Brilliance is not simply light return, it involves complex issues that include scintillation or contrast with the added variable of human perception. Never-the-less a diamond with poor light return cannot display optimal beauty.
Poor light return can be as a result of a number of factors
leakage, like a window effect that allows a diamond to be seen through, which results in a dead appearance when set in jewelry. This leakage is easily detected using an Ideal-Scope.
shallow and very deep diamonds can have poor light return because of the ‘Harding effect’ discussed in section 5 on previous research.
Diamonds in the lower left of the table of diamond images in the review of the GIA brilliance study show excessive darkness because of the observers head blocking light supply.
Fire is the term used to describe flashes of color resulting from spectral separation or dispersion of white light into rainbow flashes.
Maximum brilliance and fire cannot both be observed in a single view at the same point on a diamond, a brilliant white flash will flood out any colored light as seen in the example here. (Figure
.
When you view a diamond in a flood lit office style room, it appears very bright, whereas in a point lit room the same diamond will appear darker but more firey.
Two factors are taken into account when assessing fire for HCA. The first was the well known relationship between steeper crown angles and fire. The second is a discovery I made during this study – it involves the amount of darkness in a diamond in the face-up position;this darkness enhances the visibility of fire. Some HCA scores for the fire of very shallow diamonds will be increased slightly to account for this effect.
Figure 11: These two views of an identical virtual Tolkowsky diamond are as a one eyed observer would see them from 60cm (left) and 20cm. In the second stone the observer’s head blocking illumination enables our eyes to see fire that is overpowered by an abundance of white light in the first stone, which has less light sources obscured by the viewers head.
Another discovery I made concerns darkness that results from light leakage. Paradoxically leakage inside the table of the most commonly proportioned diamonds (as shown in the Ideal-Scope comparison in the Brilliance section) allows reverse light leakage entering via the pavilion, to be displayed as fire emerging out this leakage area of the table.
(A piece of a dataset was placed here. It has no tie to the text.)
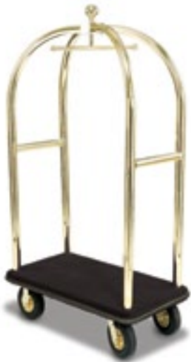
2421 Luggage Cart with solid brass frame

The trade find these stones acceptable (even desirable) because when held in tweezers and viewed and lit the way dealers do, they appear very attractive. But once set they die.
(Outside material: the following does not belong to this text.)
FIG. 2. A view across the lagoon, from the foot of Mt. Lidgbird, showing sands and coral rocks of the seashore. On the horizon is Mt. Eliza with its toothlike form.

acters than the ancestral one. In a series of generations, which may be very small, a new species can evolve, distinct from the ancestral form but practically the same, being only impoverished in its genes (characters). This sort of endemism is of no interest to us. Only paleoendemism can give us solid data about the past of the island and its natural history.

Steep / deep diamonds should be set so light can get in the pavilion. They should also be kept as clean as possible.
Scintillation is often thought of as contrasting dark and brightness that alternates from facet to facet and attracts our eyes as the diamond, the illumination or the observer moves. The GIA authors defined scintillation as “flashes of light reflected from the crown”. I don’t like this definition at all; reflected light is part of overall light return. Observer rarely seperate reflected from refracted light.
I will define two types of scintillation.
Static Scintillation is the amount and the placement of darkness in a diamond seen in a face up view in a jewellery store environment from a distance of 16 inches (400cm).
Dynamic scintillation is the sparkle effect you see when a diamond, the light or the observer moves.
The later is very difficult to define. HCA is based on static face up scintillation.
Scintillation is so personal that defining or measuring it may well be impossible. What scintillation does is provide contrast for brilliant white, or firey colored sparkles, making them appear brighter to the human eye. Presumably as part of our inherent survival instincts, we are able to detect the tiniest movement in our field of view. We are attracted to sparkly things.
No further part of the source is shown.